→ Instructions for the task: An exact copy of all the data, minus the images, is required.

→ Data:
--

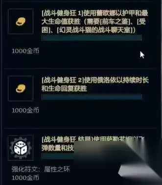 1、战斗健身狂 1 任务:使用蕾欧娜以护甲和最大生命值获胜(需要前车之鉴、受困、幻灵战斗猫的战斗聊天室) 奖励:1000金币 2、战斗健身狂 2 任务:使用俄洛伊以持续时长和生命回复获胜 奖励:1000金币 3、战斗健身狂 结局 任务:使用萨勒芬妮以飞弹数量和技能急速获胜 奖励:强化符文:属性之环、1000金币
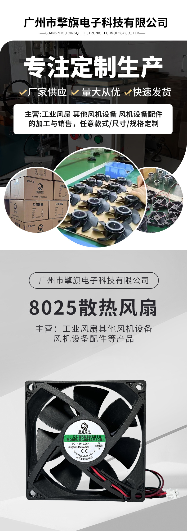 8025直流放熱ファン12V大風量ファン乾燥機温風機ファンメーカー卸売り
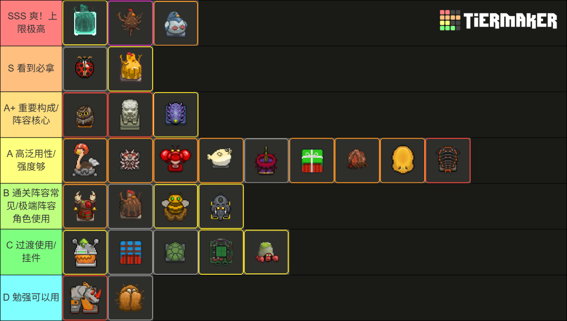 S:成形爽度高,强度高,泛用性高,拿到的话,通关率高

--

→ Task output:
 1、战斗健身狂 1 任务:使用蕾欧娜以护甲和最大生命值获胜(需要前车之鉴、受困、幻灵战斗猫的战斗聊天室) 奖励:1000金币 2、战斗健身狂 2 任务:使用俄洛伊以持续时长和生命回复获胜 奖励:1000金币 3、战斗健身狂 结局 任务:使用萨勒芬妮以飞弹数量和技能急速获胜 奖励:强化符文:属性之环、1000金币
 8025直流放熱ファン12V大風量ファン乾燥機温風機ファンメーカー卸売り
 S:成形爽度高,强度高,泛用性高,拿到的话,通关率高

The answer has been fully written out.